3) allowing VLEN =32 would expose something new to software (register
file data layout when SEW=64)

4) are there any disadvantages to VLEN >= 64 (versus the current VLEN
= 128)? (I can't see any)
Lower performance on codes that work well on other app architectures.

Krste


Guy


On Wed, Jun 2, 2021 at 11:13 AM <krste@...> wrote:


The VLEN>=128 constraint is only for the application processor "V"
extension for the app profile - not for embedded vectors which can
have VLEN=32.

From spec Introduction:
'
The term base vector extension is used informally to describe the standard set of vector ISA components that will be required for the single-letter "V" extension, which is intended for use in standard server and application-processor platform profiles. The set of mandatory instructions and supported element widths will vary with the base ISA (RV32I, RV64I) as described below.

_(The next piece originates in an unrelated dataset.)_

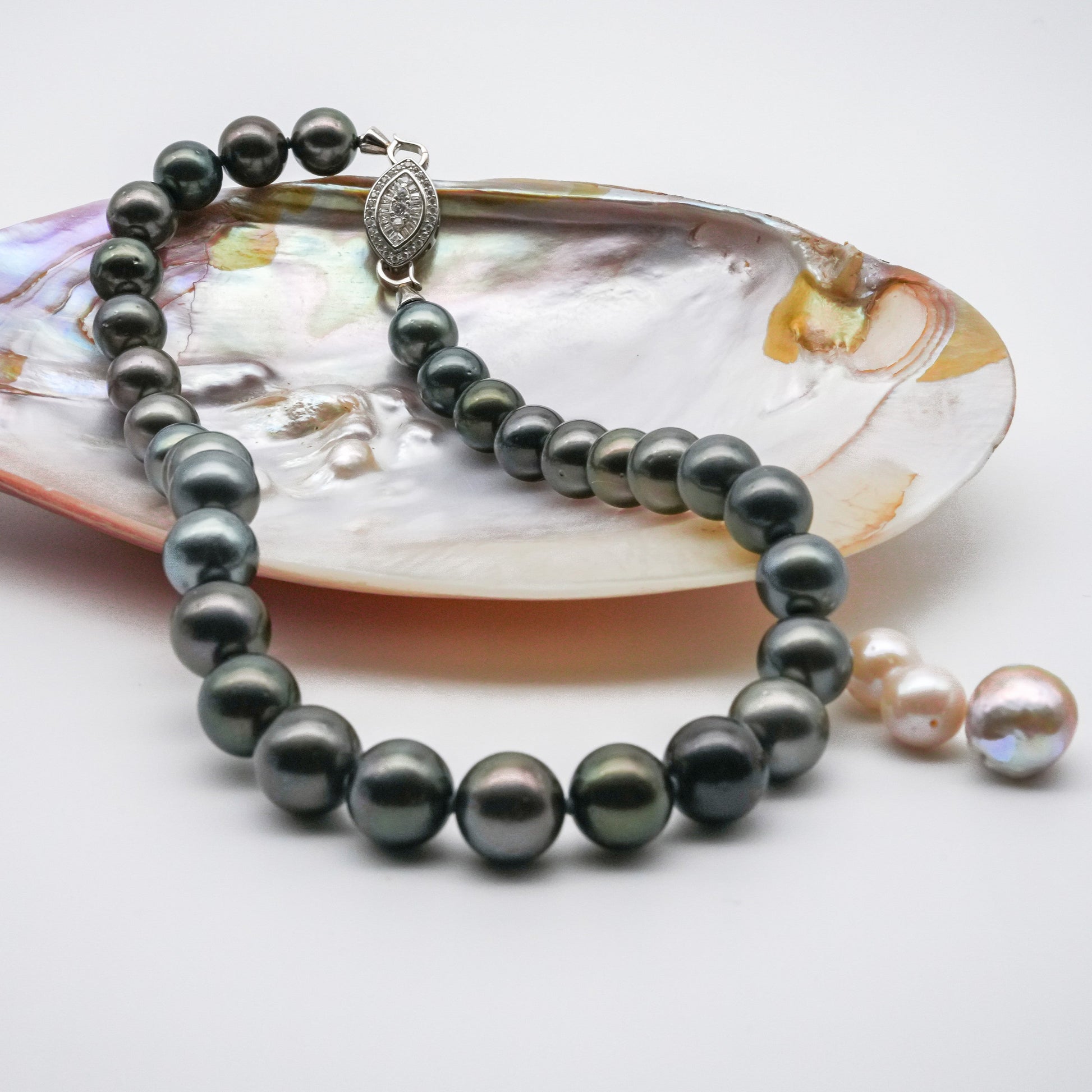 ネックレスは、黒蝶パールの虹色のつやが美しい一生物のアクセサリーです。重厚感と気品を兼ね備え、ステータスや上品さを演出します。身に着けることで、高級感のある魅力的な印象を与えることができます。

Other profiles, including embedded profiles, may choose to mandate only subsets of these extensions. The exact set of mandatory supported instructions for an implementation to be compliant with a given profile will only be determined when each profile spec is ratified. For convenience in defining subset profiles, vector instruction subsets are given ISA string names beginning with the "Zv" prefix.
'

There are a set Zve* names for the embedded subsets (see github issue
#550).

A minimal embedded implementaton using RV32E+Zfinx+vectors would be
same state size as ARM MVE.

P extension does not have floating-point, but for short
integer/fixed-point SIMD makes sense as alternative.

The software fragmentation issue is that some library routines that
expose VLEN might not be portable between app cores and embedded
cores, but these are different software ecosystems (e.g. ABI/calling
convention might be different) and only a few kinds of routine rely on
VLEN.

For app cores that can afford VLEN>=128, the advantage is the removal
of stripmining code in cases that operate on fixed-size vectors.

Krste



On Wed, 2 Jun 2021 05:10:32 -0700, "Guy Lemieux" <guy.lemieux@...> said:
| Allowing VLEN<128 would allow for smaller vector register files, bit it would
| also result in a profile that is not forward-compatible with the V spec. This
| would produce another fracture the software ecosystem.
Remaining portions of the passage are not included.